En una situación política como la actual, donde ciertos síntomas de desestabilización de la democracia son palpables en varios frentes, la clase política española parece no tener otro objetivo ni otras miras que los distintos procesos electorales. Las urnas son el gran tótem al que se sacrifican todos los planteamientos de responsabilidad y de sentido común. El espectáculo del referéndum no ha sido estimulante y sí tremendamente significativo. Y en medio un pueblo frustrado entre la chapucería del Gobierno, a quien, por cierto, el tiro le ha salido por la culata, y una oposición creando expectativas imposibles de cumplir.
¿Y cuál es el panorama en el resto del Estado? Lo primero que salta a la vista es que el espíritu que hizo posible la Constitución ha saltado hecho añicos en varios puntos clave: el desarrollo de las autonomías, el sistema educativo, la crisis económica, etcétera. El Gobierno se debe encontrar muy fuerte cuando con su arrogancia se permite el lujo de desdeñar cualquier tipo de negociación no para volver al «consenso», sino pura y simplemente para hacer que los cauces establecidos no se desborden innecesariamente. Las polémicas Gobierno-oposición rara vez trascienden los niveles de los enfrentamientos personales en una aburrida retahíla de improperios y de descalificaciones mutuas que tienen la curiosa virtud de escamotear todos y cada uno de los problemas. Y que recuerdan demasiado a menudo la fábula de los galgos y de los podencos. ¿Alguien ha caído en la cuenta del significado de que mientras en el Parlamento se hablaba de terrorismo de izquierda y de derecha una bomba explosionase en las narices del presidente, y en las proximidades de las Salesas se hiciese una ostensible exhibición de desprecio por la democracia? Pues parece que no. Jugar a la política como si estuviéramos en Inglaterra es, en estos momentos, un modo como otro cualquiera de irresponsabilidad. Y eso es exactamente lo que se está haciendo cuando el poder se refugia en su olimpo y prefiere ignorar determinado tipo de síntomas, mientras se embarca en operaciones políticas maniobreras sin ninguna planificación a medio plazo, y la oposición se lanza en picado sobre objetivos estrictamente coyunturales intentando arrancar votos no a los decepcionados, sino a los adversarios, a quienes en tono de reyerta callejera se les niega el pan y la sal. Habría que preguntarse si el palpable desprestigio de los partidos políticos, y, por tanto, de la democracia, no tiene su principal origen en este constante enfrentamiento que huye, sin embargo, del debate público y que se amansa después en los restaurantes de cinco tenedores.

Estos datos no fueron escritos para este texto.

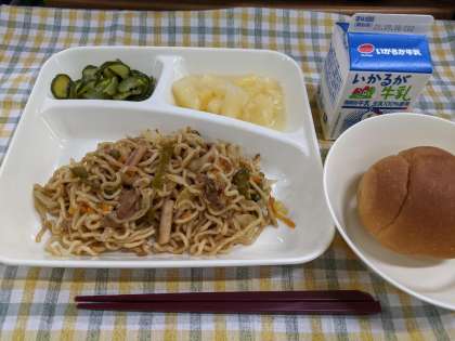 9月2日(木)の献立は「焼きそば、きゅうりのしょうがづけ、パインアップル(缶)、1/2黒糖パン、牛乳」です。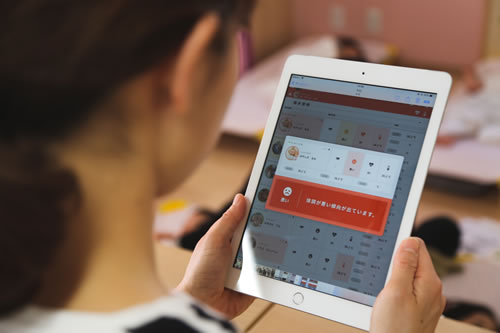 園児の生体データをタブレットで読む保育士 |
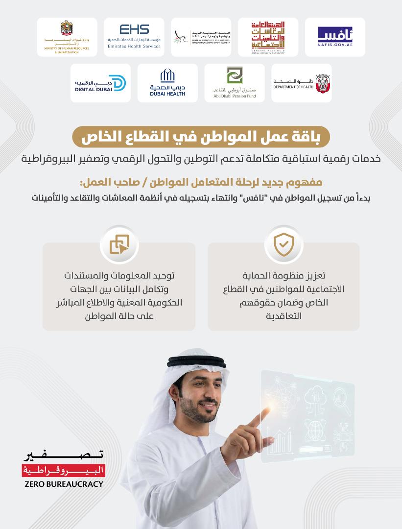 وتستهدف الباقة توحيد المعلومات والمستندات المطلوبة بين الجهات المنظمة وضمان تسجيل كافة المواطنين العاملين في القطاع الخاص في أنظمة المعاشات والتقاعد والتأمينات في الدولة وتعزيز تكامل الأنظمة الرقمية لتقديم خدمات سريعة وفعالة.

Está muy claro, para quien quiera verlo, que estamos asistiendo a la consolidación de la «otra oposición». Una oposición que tiene muy poco de británica y va directamente contra la democracia y contra las instituciones tan trabajosamente conseguidas. El peligro es real y no puede alegremente desecharse. Ante él no se trata de añorar «consensos» ni de resucitar compadreos. Pero sí de recordar que mientras unos sólo parecen pensar en los votos, «la otra oposición» trabaja cada vez menos en la sombra y con mayor osadía. Y, por lo que parece, sin reacciones apreciables o, por lo menos, eficaces. Piénsese seriamente si estamos en este marzo de 1980 más estables democráticamente que hace tres años, en la primavera de 1977, y si las instituciones de la democracia están ahora más seguras.